California Employers Need Only “Provide” not “Ensure” Meal and Rest Breaks
In 2008 the California Court of Appeals issued its decision in one of the most important areas of human resources management both for California employers and employees. In Brinker v. Superior Court the Court analyzed what California Labor Code § 512 means when it requires an employer to “provide” meal and rest periods for non-exempt employees.
Brinker operates and manages about 140 restaurants and has thousands of employees. The California Division of Labor Standards Enforcement investigated the corporation’s compensation practices and filed suit alleging various violations. Brinker paid $10 million to settle the DLSE lawsuit and agreed to a court-ordered injunction to ensure its compliance with California meal period and rest break laws.

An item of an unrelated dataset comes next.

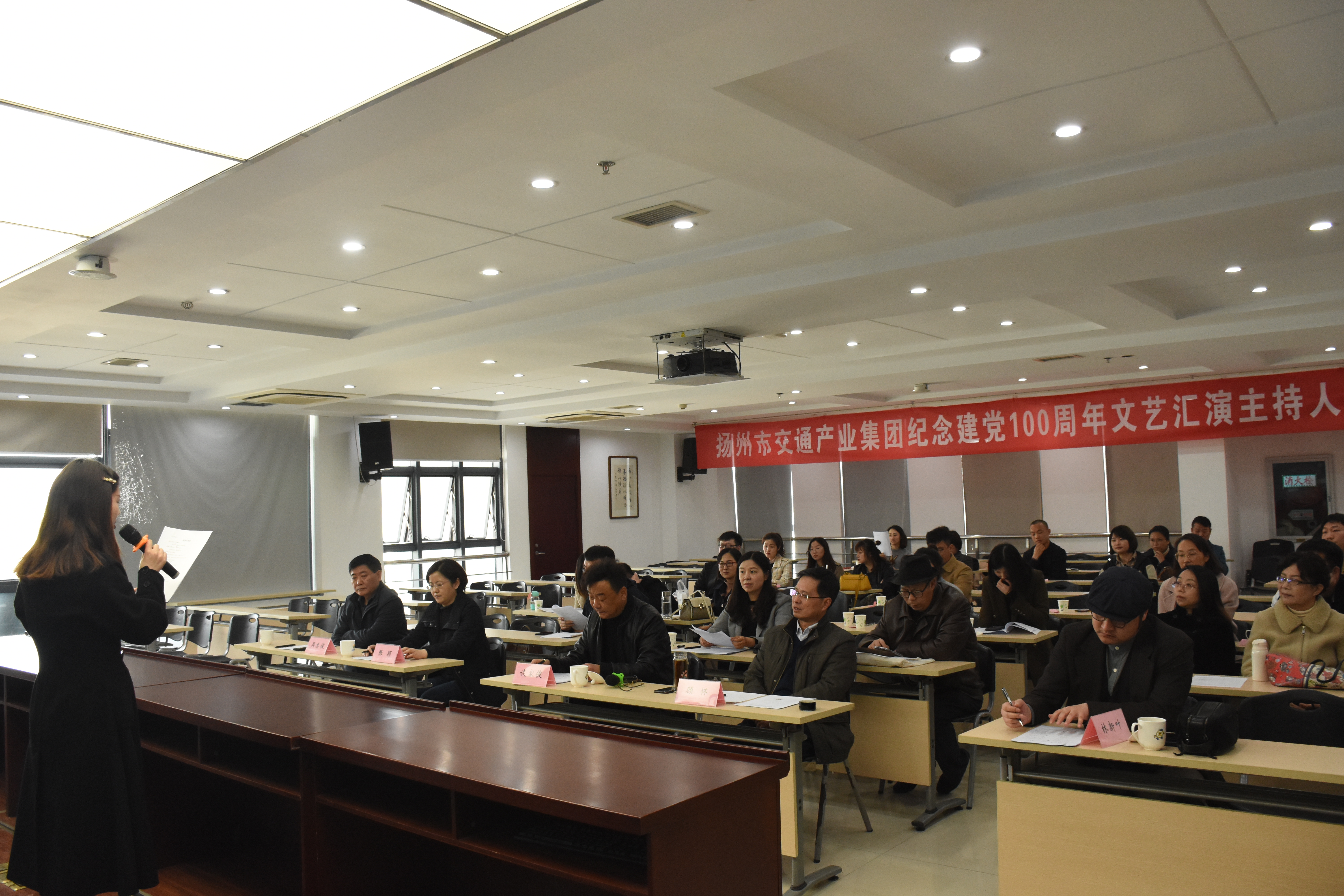 為籌備好慶祝建黨100周年文藝匯演,4月8日下午,文藝匯演的主持人選拔賽在揚(yáng)汽集團(tuán)教培中心舉行,來自交通產(chǎn)業(yè)系統(tǒng)內(nèi)的19名參賽選手在這里進(jìn)行了激烈的角逐。交通產(chǎn)業(yè)集團(tuán)黨委副書記張穎,副總經(jīng)理、工會(huì)主席吳忠俊,揚(yáng)汽集團(tuán)黨委副書記、工會(huì)主席顧懷、導(dǎo)演談家俊擔(dān)任本次主持人選拔賽的評(píng)委。

Thereafter several employees filed a separate lawsuit against Brinker piggybacking their claims on the DLSE lawsuit seeking millions of dollars in damages and asking for class-action certification of their claims. The case went from the trial court all the way to the California Supreme Court and back to the Court of Appeals which analyzed Labor Code § 512 and the related Industrial Wage Commission Order No. 5.

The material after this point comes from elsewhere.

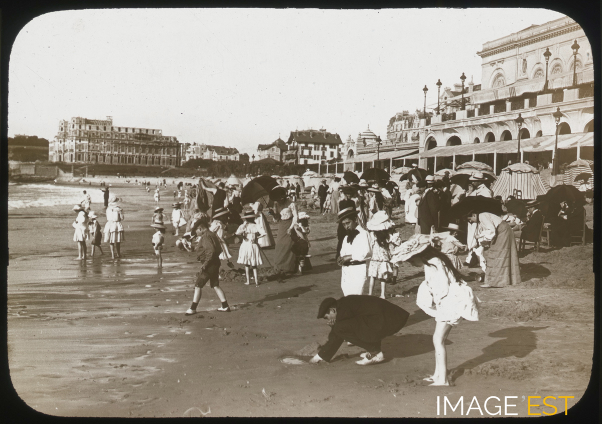 Sur la plage de Biarritz (Pyrénées-Atlantiques). En marge de la plaque de verre figure la mention : " Collection R. des Robert ". R. des Robert a été membre de la Société lorraine de photographie (1894-1914) dès 1894. Une mention manuscrite en marge de la plaque de verre indique : " La plage de Biarritz ".

For many years regulators and courts took the position that the term “provide” means that employers actually have to require employees to take their mandatory meal periods or be liable to the employee for one extra hour of pay. Thus employers had to police these breaks through time clock punch-out / punch-in procedures or through other means (e.g. “Meal Compliance Log”) of monitoring compliance.
Contrary to this long-standing interpretation the Court agreed with Brinker’s position that “while employers cannot impede, discourage or dissuade employees from taking meal periods, they need only provide them and not ‘ensure’ they are taken.”

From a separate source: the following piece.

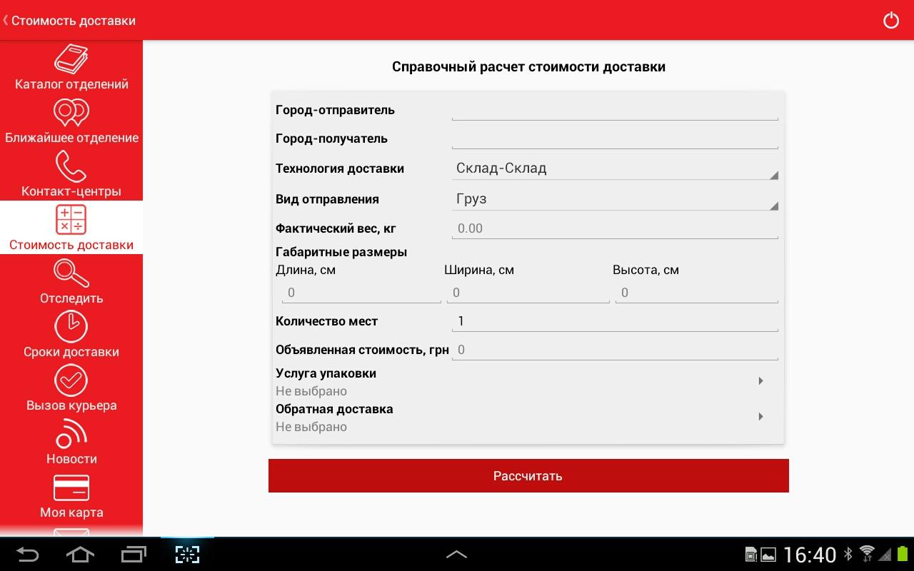 - просчет стоимости и сроков доставки;

The Court went on to say that “public policy does not support the notion that meal breaks must be ensured. If this were the case, employers would be forced to police their employees and force them to take meal breaks. With thousands of employees working multiple shifts, this would be an impossible task. If they were unable to do so, employers would have to pay and extra hour of pay any time an employee voluntarily chose not to take a meal period, or to take a shortened one.”
This is the first time that a California Court has published a decision interpreting the meaning of the word “provide” in California Labor Code § 512. Based upon this decision, it would we worthwhile to review your current practices regarding meal breaks and rest periods and make sure that any modifications you contemplate comply with the law.